We’ve been told Branding and Awareness creation is expensive. Advertising is expensive. Digital Marketing (email, SEO etc.) is not. We look for quick fixes, and the internet is crawling with so called experts touting advice and quick lists – 5 things to do, 7 things to avoid.
They will be quick to tell you things you must do:
- SEO – stay in touch with Google’s new ever changing algorithms. SEO consultants and vendors will scare you to death about how your site is being penalized for using outdated methods, back links and so on.
- Social Media marketing – the new way. If you are not ‘doing’ Social marketing, you’re Stone Age. There are hundreds of thousands of online articles showing you best practices and how to generate leads with social marketing.
- Content Marketing – blogging, articles, case studies. If you ain’t doing that, you ain’t doing nothin’.
· … the list goes on.
Merely, islands of automation and islands of tools I say.
Falling Sales
I guarantee you have dabbled in anything and everything above, but your lead generation seems to be going nowhere. Actually it may even be falling.
To make matters worse, even your conversion is decreasing resulting in a double whammy. Sales are falling exponentially. Cost of customer acquisition is rising exponentially.
What is going on?
It is easy to blame two things:
- ‘Market Conditions’
- Competition
Is it that complicated? Are there no answers?
Go back to Fundamentals.
Sales and Marketing are intertwined but unfortunately we tend to departmentalize them. We want a competitive edge, but we fail to look into our prospects’ minds. We fail to look at the psychology of why people buy and why they don’t. Marketers and sellers don’t try to understand the innermost thought processes and desires of the prospect; providers and practices in our case. We often use lovely and fancy words extolling what we think are virtues of our product and/or service without understanding the buyer.

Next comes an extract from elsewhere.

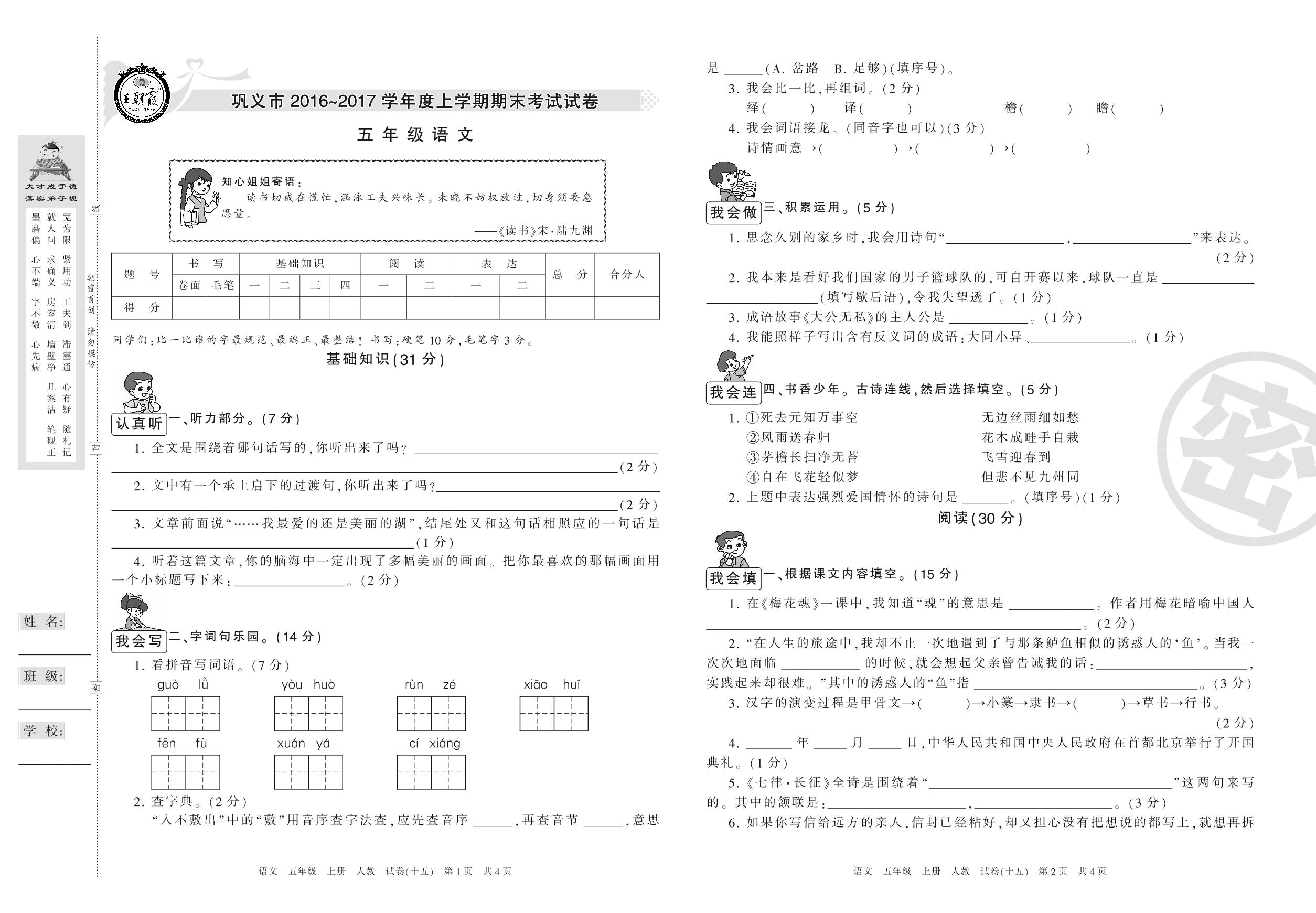 2016-2017学年第一学期巩义市五年级语文试卷(人教版)【15】
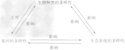生物的性状特征是由基因控制的,生物的细胞内有成千上万个基因。不同物种的生物基因有较大差别,同种生物不同个体之间基因也有差异。因此,基因的多样性可分为种间基因的多样性和种内基因的多样性。每种生物都是一个丰富的基因库。生物种类的多样性实质上是基因的多样性,可概括为:

Marketing’s job is not just to structure, and follow the process of implementing technologies for lead generation, it is to take a journey inside the step-by-step thinking of the buyer. Marketing’s job is to snag the prospect’s interest and lead him/her to an urgent thrust to purchase.
Marketing’s job is to realize the prospect’s intimate evaluation procedures so you can turn them into sales motivations, and hold their hand to fill out your form.
Selling technology to physicians, providers and clinics requires you to learn what influences their mind, what motivates them to buy and what influences their buying decisions.
Do that first – before you explore the tools of marketing; apply the psychology of buying into those techniques, I guarantee you will see completely different results.